• ASSIGNMENT: Output the lines of the records below exactly, beginning at their first line and ending at the line with "Из остатков теста"; include no pictures.

• DATA TO EXAMINE:
>>>

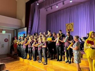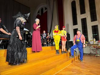 Die Lacher und einen kräftigen Applaus hatten auch die beliebte Hexe Notenschreck und ihr Hausi (Sabine und Hartmut Tomuschat) auf ihrer Seite, als sie als Jubiläumsgäste auf der Bühne erschienen. Von all dem konnte sich Monika Schuster beim Dirigieren nicht ablenken lassen. „Auch wenn ich gefühlt jederzeit mit noch einer Überraschung gerechnet hatte – meine Truppe hatte da ja wieder so einiges vorbereitet – waren es zwar anstrengende vier Konzerte an den beiden Tagen, aber ich bin sehr, sehr glücklich.“.
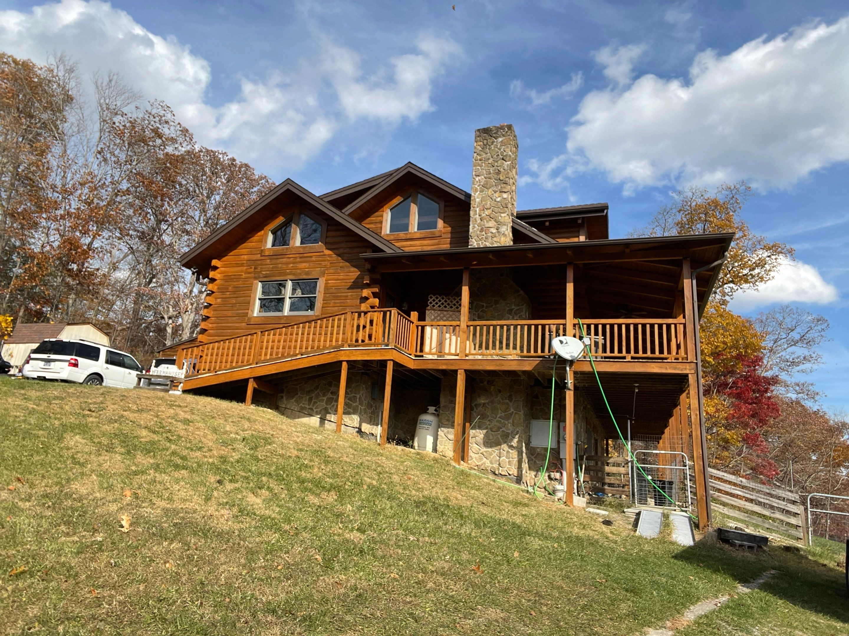 A deep exterior wash removed years of dirt and mildew, then Lifeline Ultra 7 in Carmel Satin was applied to restore a warm, even tone and deliver long-lasting UV and moisture protection.
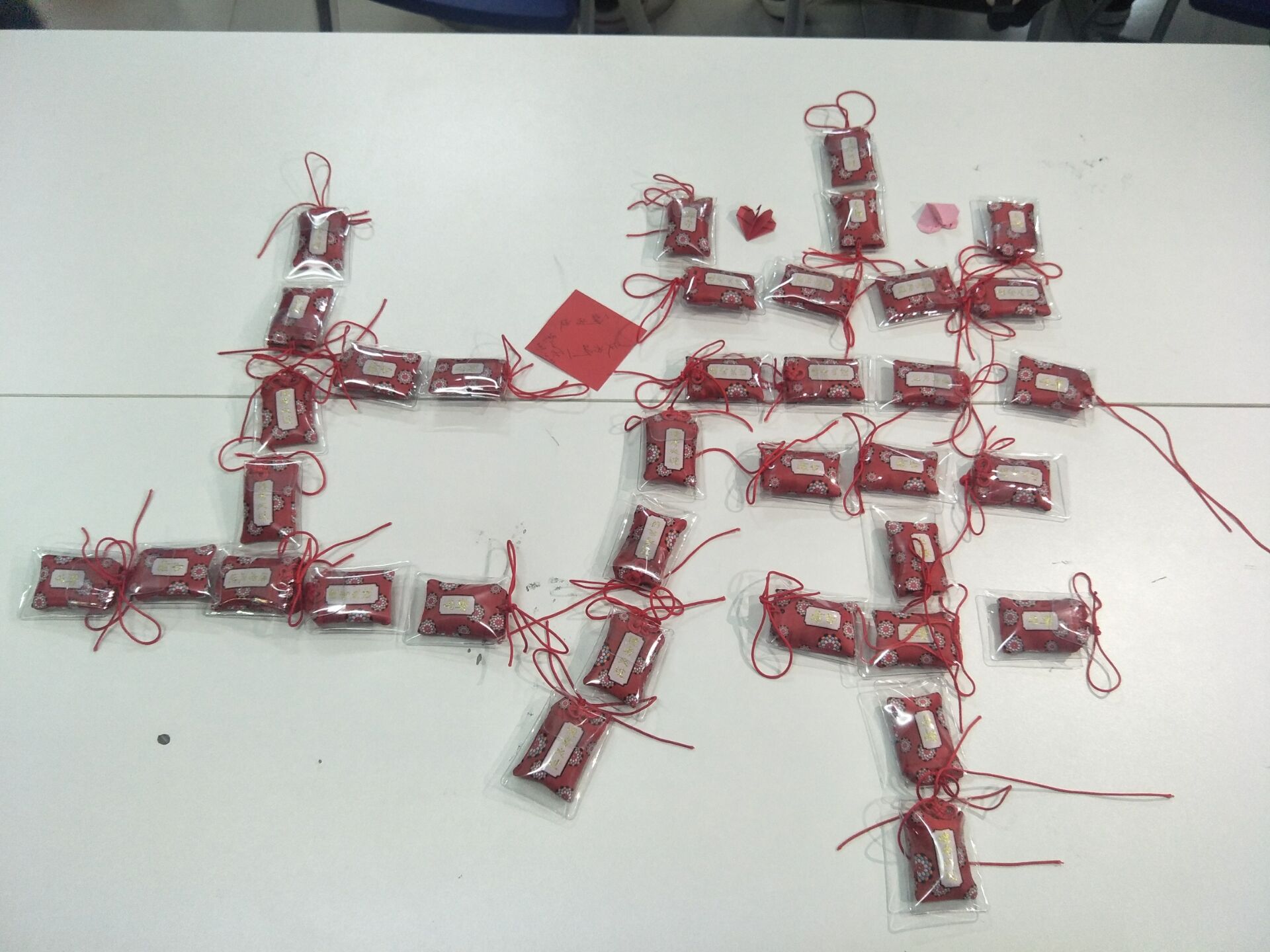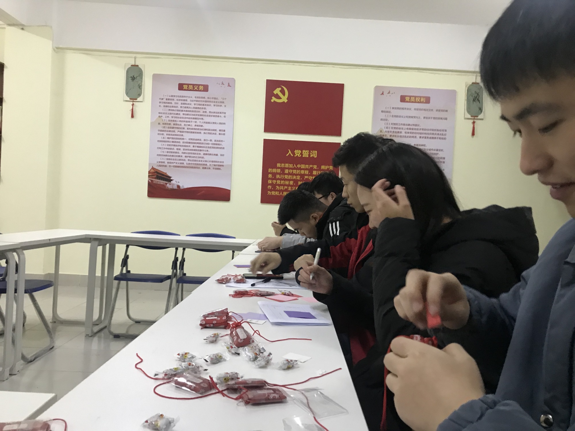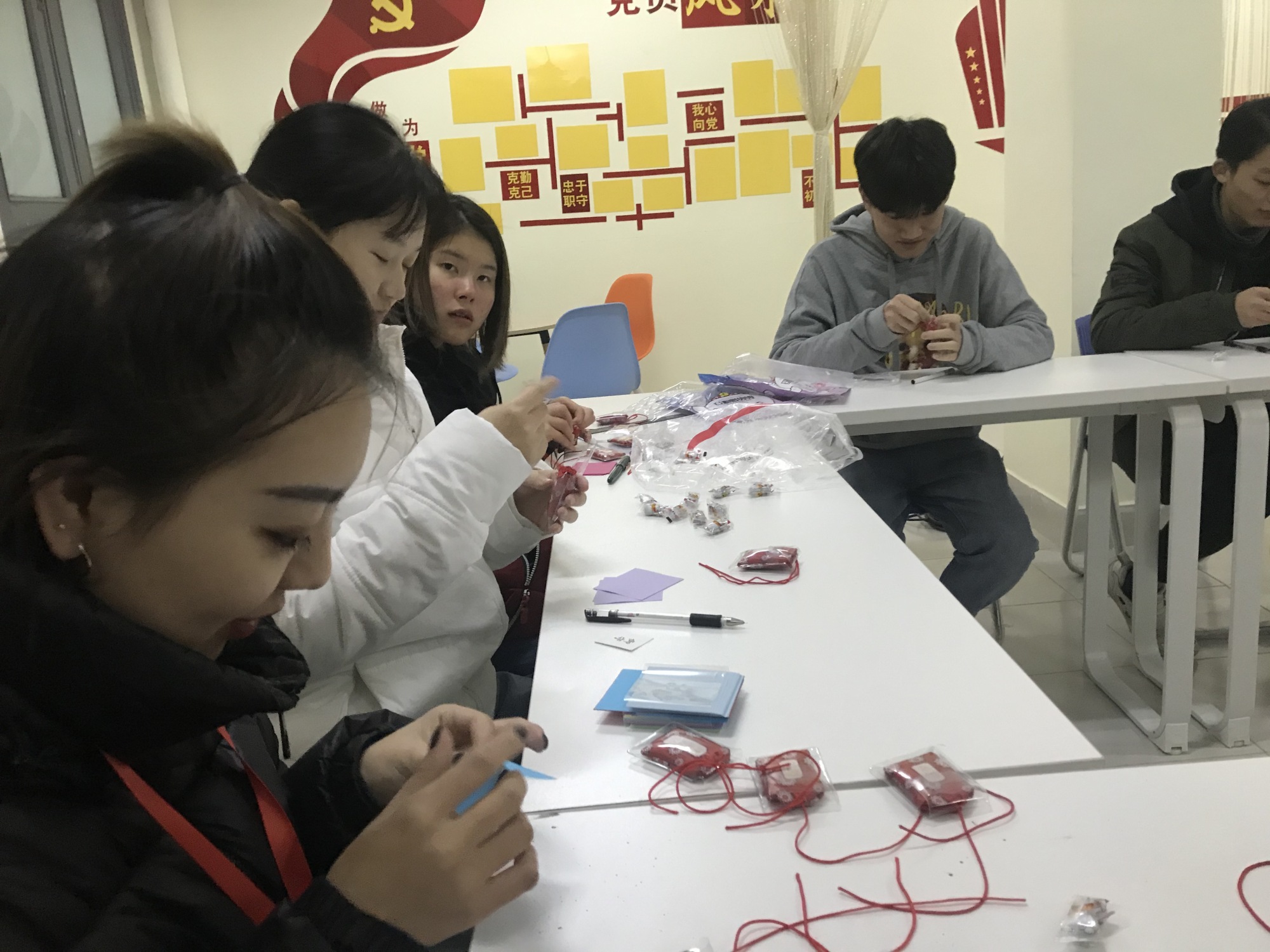 活动中,所有支部成员在彩色卡纸写上了“金榜题名”、“一研为定,定为研一”、“考研经历是一种财富,祝愿你能获得人生第一桶金”、“祝你考研成功,更祝你觉得这一年值得”等祝福语及折叠成心形卡纸和可爱的动物糖果一同放进了锦囊中,通过走访寝室将承载着满满祝福的锦囊送给学长学姐。
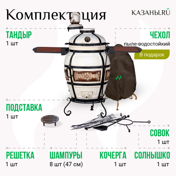Печь поставляется с набором из 8 шампуров, кованой подставкой под тандыр, чугунным колосником, кочергой и совком. При необходимости можно выбрать модель в расширенной комплектации или подобрать аксессуары, которые расширяют перечень доступных блюд.
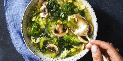 Supergreen Mushroom & Orzo Soup
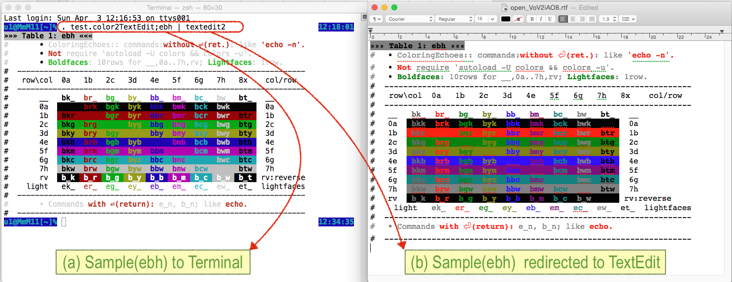 ターミナルで、手動で上記スクリプト()の色調整をするためのスクリプトをターミナルで動作させ、そのスクリプト(test.color2TextEdit)を読み込(source command: .)、test.color2TextEditパイプ渡しをしました、図4。
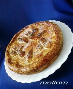 Из остатков теста сделать украшение. Пирог смазать желтком. Посыпать сахаром и украсить маком и кунжутом.
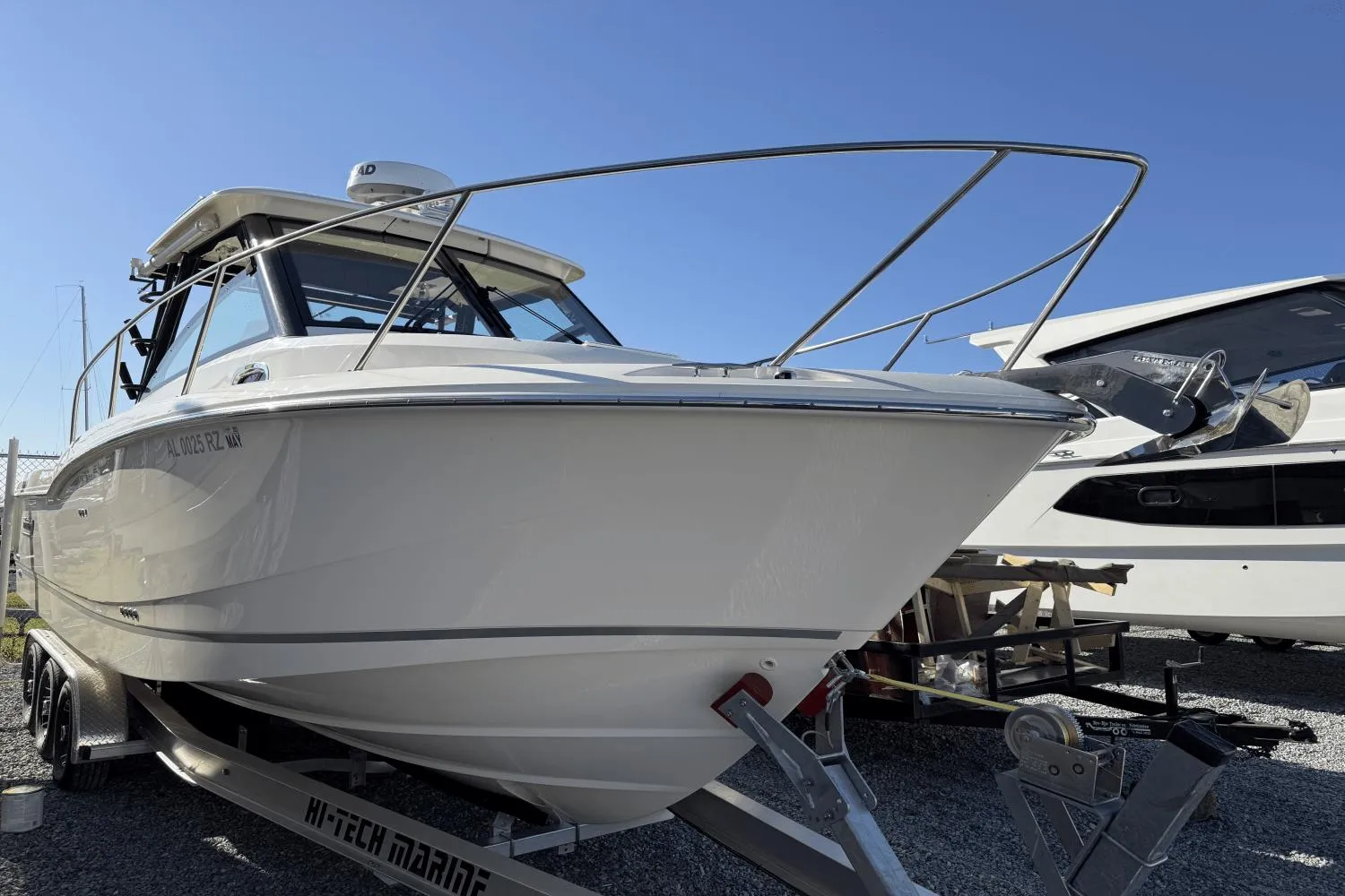 This 2024 Boston Whaler 285 Conquest just hit the open market with (1) hour which I sold Brand new. She is powered by a set of White JPO Mercury DTS V8 250's hp engine, She Has a Simrad 16" monitor with GPS, Map Plotter, sounder, Close Dome radar, Auto Pilot, VHF, Satellite weather and Radio, Bow Thruster, White Hull, White engines, Black Canvas, Blacl Frame, Stainless Steel Anchor, White Rub Rail with Stainless Steel insert, Sun Lounge on Bow, SunShade on back of Hardtop, Cruising Package, Air Conditioning, Port Cockpt Fold Out Beanch, Aft Fold out bench seat, Cockpit Refrigerator, Spotlight, Underwater lights, 12V Receptaccles at Transom, Radial Outriggers, Full set of Weather curtains, Sides & Aft Drop curtain, Generator, Premium Package, Hi Tech triple Axle trailer with Custom Wheels and V-Block. Been Kept in a climate Control Warehouse. Don't Miss this One!
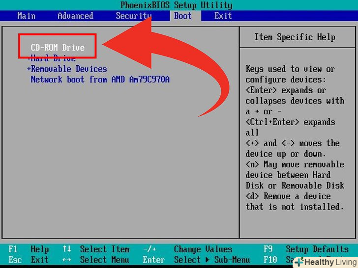 Встановіть BIOS на завантаження з CD / DVD диска в першу чергу.

<<<

• SOLUTION FOR THIS PROBLEM:
 Die Lacher und einen kräftigen Applaus hatten auch die beliebte Hexe Notenschreck und ihr Hausi (Sabine und Hartmut Tomuschat) auf ihrer Seite, als sie als Jubiläumsgäste auf der Bühne erschienen. Von all dem konnte sich Monika Schuster beim Dirigieren nicht ablenken lassen. „Auch wenn ich gefühlt jederzeit mit noch einer Überraschung gerechnet hatte – meine Truppe hatte da ja wieder so einiges vorbereitet – waren es zwar anstrengende vier Konzerte an den beiden Tagen, aber ich bin sehr, sehr glücklich.“.
 A deep exterior wash removed years of dirt and mildew, then Lifeline Ultra 7 in Carmel Satin was applied to restore a warm, even tone and deliver long-lasting UV and moisture protection.
 活动中,所有支部成员在彩色卡纸写上了“金榜题名”、“一研为定,定为研一”、“考研经历是一种财富,祝愿你能获得人生第一桶金”、“祝你考研成功,更祝你觉得这一年值得”等祝福语及折叠成心形卡纸和可爱的动物糖果一同放进了锦囊中,通过走访寝室将承载着满满祝福的锦囊送给学长学姐。
Печь поставляется с набором из 8 шампуров, кованой подставкой под тандыр, чугунным колосником, кочергой и совком. При необходимости можно выбрать модель в расширенной комплектации или подобрать аксессуары, которые расширяют перечень доступных блюд.
 Supergreen Mushroom & Orzo Soup
 ターミナルで、手動で上記スクリプト()の色調整をするためのスクリプトをターミナルで動作させ、そのスクリプト(test.color2TextEdit)を読み込(source command: .)、test.color2TextEditパイプ渡しをしました、図4。
 Из остатков теста сделать украшение. Пирог смазать желтком. Посыпать сахаром и украсить маком и кунжутом.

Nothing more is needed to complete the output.